Une chaise tirée pour quelqu’un.

Un café partagé.

Une histoire déjà entendue, mais écoutée comme si c’était la première fois.

Aujourd’hui, je travaille toujours.

Je vis toujours à Paris.

Je cours encore parfois trop vite.

Mais tous les vendredis, quand je peux, je prends la route de Bourgogne.

Et quand je ne peux pas, j’appelle vraiment.

Pas entre deux portes.

Pas avec une réunion dans cinq minutes.

J’appelle pour entendre ma mère me parler de ses tomates.

De ses genoux.

De Léo, qui commence à faire des éclairs presque présentables.

De papa, parfois.

Sans fuir.

Sans changer de sujet.

Parce que j’ai compris une chose simple.

Nos parents ne nous demandent pas de sauver leur vie.
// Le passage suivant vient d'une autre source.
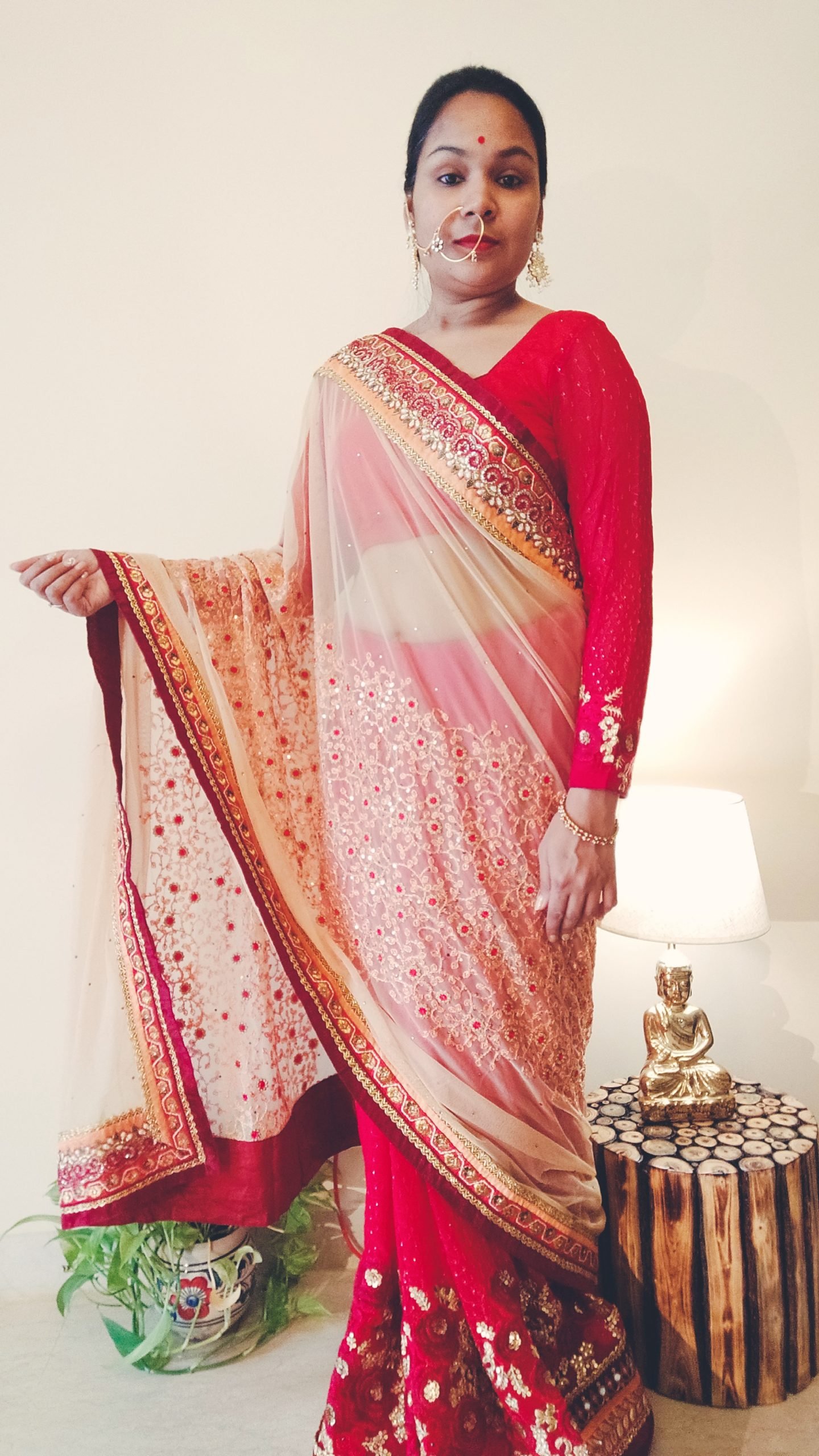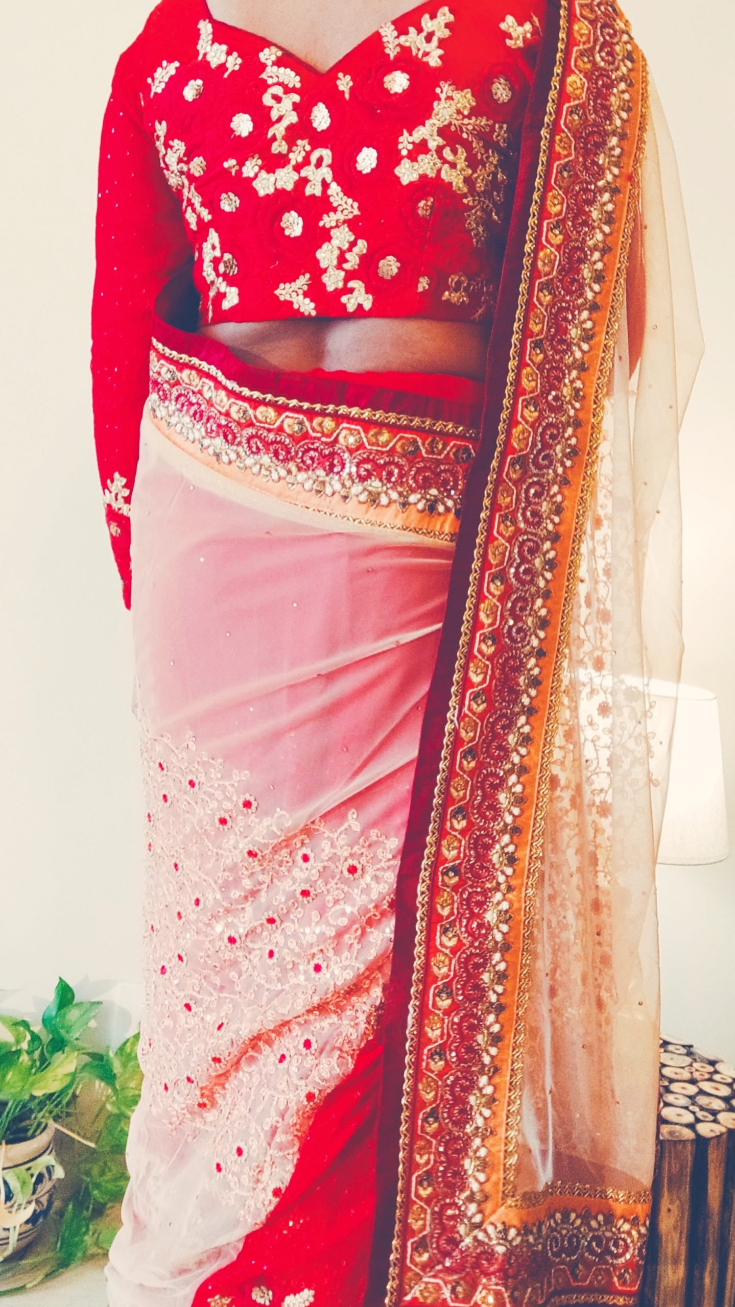 Red & Beige Net Saree

Ils nous demandent de ne pas disparaître de la leur.

Et parfois, la personne qui nous le rappelle porte un sweat noir, des tatouages sur les bras, des baskets abîmées, et arrive sur un vieux skateboard avec trois pots de basilic.

Depuis, quand je vois quelqu’un que j’aurais jugé trop vite, je pense à Léo.

Et quand je vois une vieille maison au bout d’un village, avec un banc devant la porte, je ralentis un peu.

Parce que je sais maintenant ce qu’il peut y avoir sur ce banc.

Pas seulement une personne âgée.

Pas seulement une solitude.

Mais une vie entière qui attend encore qu’on s’assoie à côté d’elle.